* [PROVIDED MATERIAL]:
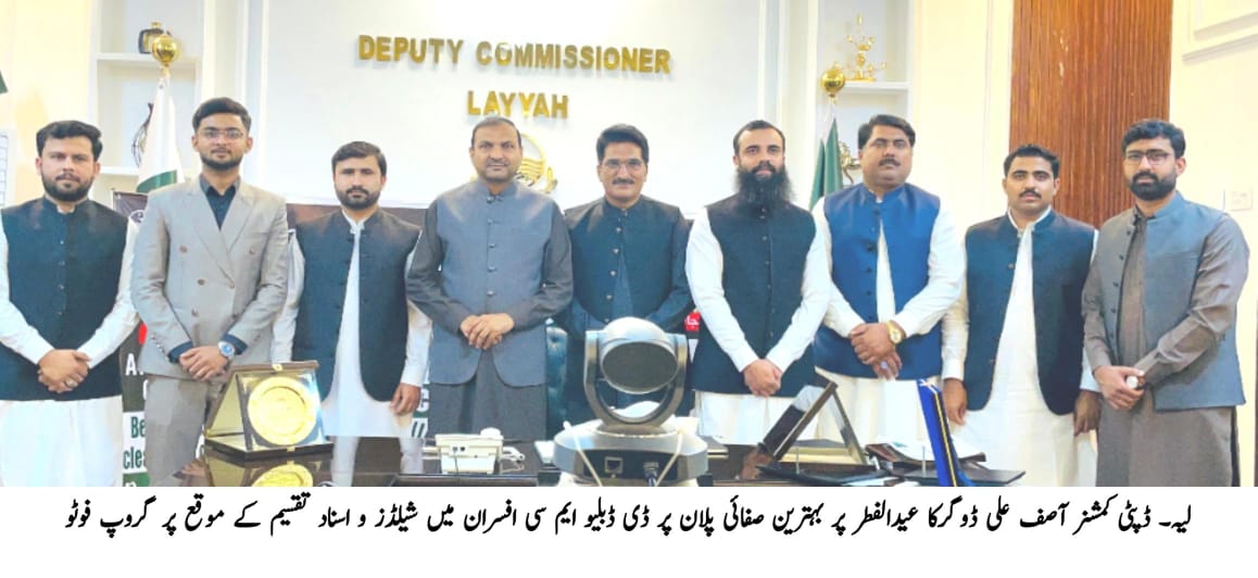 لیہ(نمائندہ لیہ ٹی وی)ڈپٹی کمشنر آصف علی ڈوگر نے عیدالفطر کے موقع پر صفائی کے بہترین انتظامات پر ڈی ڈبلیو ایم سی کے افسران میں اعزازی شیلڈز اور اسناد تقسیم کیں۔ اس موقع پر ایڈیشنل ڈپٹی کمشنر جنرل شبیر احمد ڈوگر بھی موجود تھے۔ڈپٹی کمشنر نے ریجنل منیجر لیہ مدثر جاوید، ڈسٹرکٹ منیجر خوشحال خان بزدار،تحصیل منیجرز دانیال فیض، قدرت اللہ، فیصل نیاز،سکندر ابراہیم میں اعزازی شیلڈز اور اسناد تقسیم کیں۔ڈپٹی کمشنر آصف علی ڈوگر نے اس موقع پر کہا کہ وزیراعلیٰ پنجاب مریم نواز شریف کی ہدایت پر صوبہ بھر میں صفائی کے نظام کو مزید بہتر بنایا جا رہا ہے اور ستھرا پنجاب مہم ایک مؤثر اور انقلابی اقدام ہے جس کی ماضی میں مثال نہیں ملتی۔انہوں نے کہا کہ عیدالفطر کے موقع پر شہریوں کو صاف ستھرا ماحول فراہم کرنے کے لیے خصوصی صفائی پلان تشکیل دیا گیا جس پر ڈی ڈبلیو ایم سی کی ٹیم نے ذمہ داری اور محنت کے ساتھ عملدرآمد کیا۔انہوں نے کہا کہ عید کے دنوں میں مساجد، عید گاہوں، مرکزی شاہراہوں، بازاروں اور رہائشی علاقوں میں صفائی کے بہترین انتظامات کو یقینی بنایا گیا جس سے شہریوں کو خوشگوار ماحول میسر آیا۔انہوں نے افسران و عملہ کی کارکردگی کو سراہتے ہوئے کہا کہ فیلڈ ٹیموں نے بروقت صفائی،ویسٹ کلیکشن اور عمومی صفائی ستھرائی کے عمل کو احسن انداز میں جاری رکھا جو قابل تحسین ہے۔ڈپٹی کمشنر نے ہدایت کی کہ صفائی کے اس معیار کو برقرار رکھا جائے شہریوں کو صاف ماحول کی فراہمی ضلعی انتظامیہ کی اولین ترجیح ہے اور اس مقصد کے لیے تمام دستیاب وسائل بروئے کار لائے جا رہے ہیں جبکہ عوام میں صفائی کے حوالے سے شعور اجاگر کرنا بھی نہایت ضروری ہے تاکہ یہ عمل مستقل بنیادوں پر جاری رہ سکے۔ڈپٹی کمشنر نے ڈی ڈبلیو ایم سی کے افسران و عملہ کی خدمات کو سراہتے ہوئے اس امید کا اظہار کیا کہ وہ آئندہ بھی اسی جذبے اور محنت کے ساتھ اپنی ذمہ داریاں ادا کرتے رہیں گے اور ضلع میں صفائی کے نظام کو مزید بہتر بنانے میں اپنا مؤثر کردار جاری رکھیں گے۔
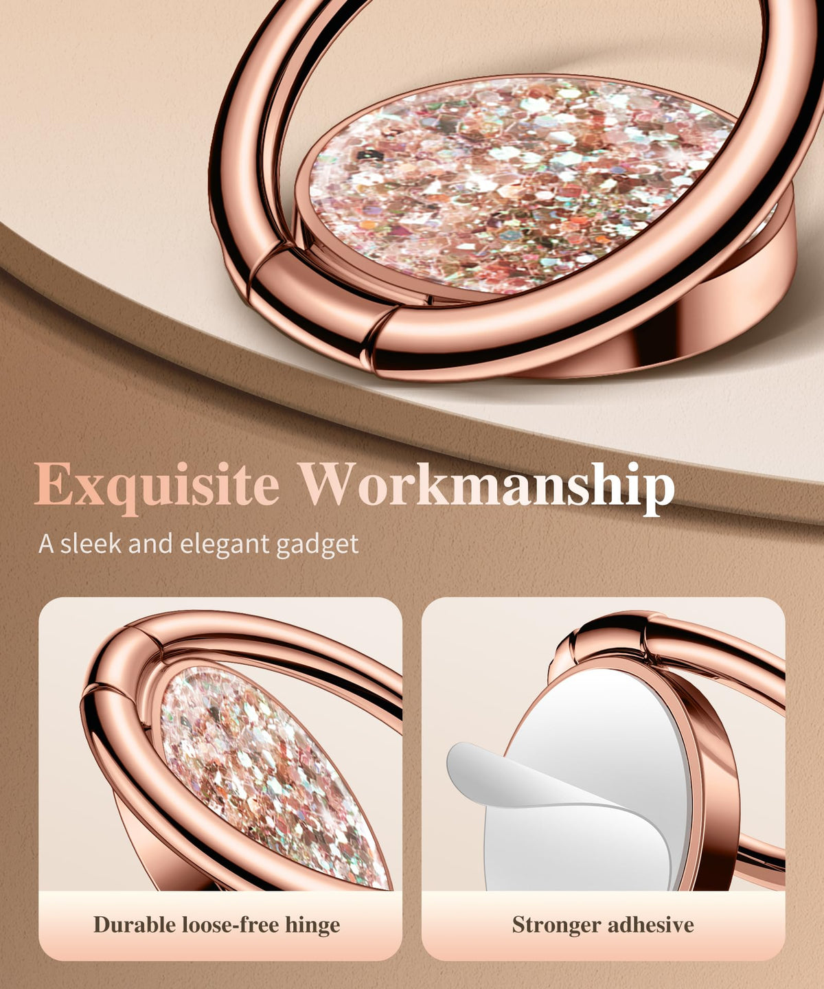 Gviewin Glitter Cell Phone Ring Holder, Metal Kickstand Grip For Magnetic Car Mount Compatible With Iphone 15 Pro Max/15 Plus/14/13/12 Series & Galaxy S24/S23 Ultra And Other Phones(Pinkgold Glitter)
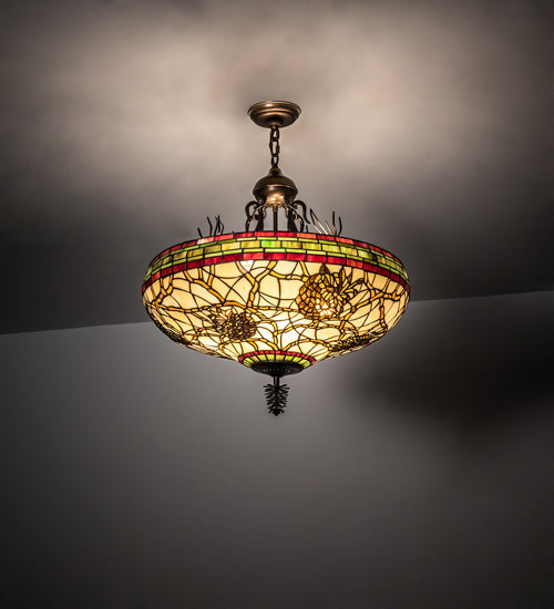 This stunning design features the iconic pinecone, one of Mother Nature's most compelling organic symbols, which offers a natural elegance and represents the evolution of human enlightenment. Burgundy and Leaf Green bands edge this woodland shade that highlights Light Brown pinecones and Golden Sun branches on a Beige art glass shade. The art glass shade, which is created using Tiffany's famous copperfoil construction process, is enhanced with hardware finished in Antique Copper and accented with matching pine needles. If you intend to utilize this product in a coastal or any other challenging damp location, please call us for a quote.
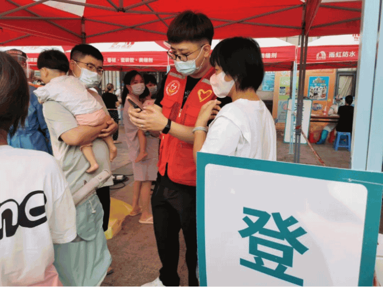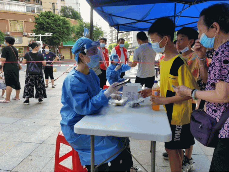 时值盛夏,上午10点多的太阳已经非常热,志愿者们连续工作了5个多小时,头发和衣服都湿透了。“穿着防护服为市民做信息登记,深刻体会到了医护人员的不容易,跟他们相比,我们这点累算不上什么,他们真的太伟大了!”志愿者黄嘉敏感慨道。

* [DIRECTIONS]:
Copy word for word every line from the one holding "This stunning design" to the end of the listing, both ends included, but do not copy any pictures.

* [RESULT FOR THIS EXERCISE]:
 This stunning design features the iconic pinecone, one of Mother Nature's most compelling organic symbols, which offers a natural elegance and represents the evolution of human enlightenment. Burgundy and Leaf Green bands edge this woodland shade that highlights Light Brown pinecones and Golden Sun branches on a Beige art glass shade. The art glass shade, which is created using Tiffany's famous copperfoil construction process, is enhanced with hardware finished in Antique Copper and accented with matching pine needles. If you intend to utilize this product in a coastal or any other challenging damp location, please call us for a quote.
 时值盛夏,上午10点多的太阳已经非常热,志愿者们连续工作了5个多小时,头发和衣服都湿透了。“穿着防护服为市民做信息登记,深刻体会到了医护人员的不容易,跟他们相比,我们这点累算不上什么,他们真的太伟大了!”志愿者黄嘉敏感慨道。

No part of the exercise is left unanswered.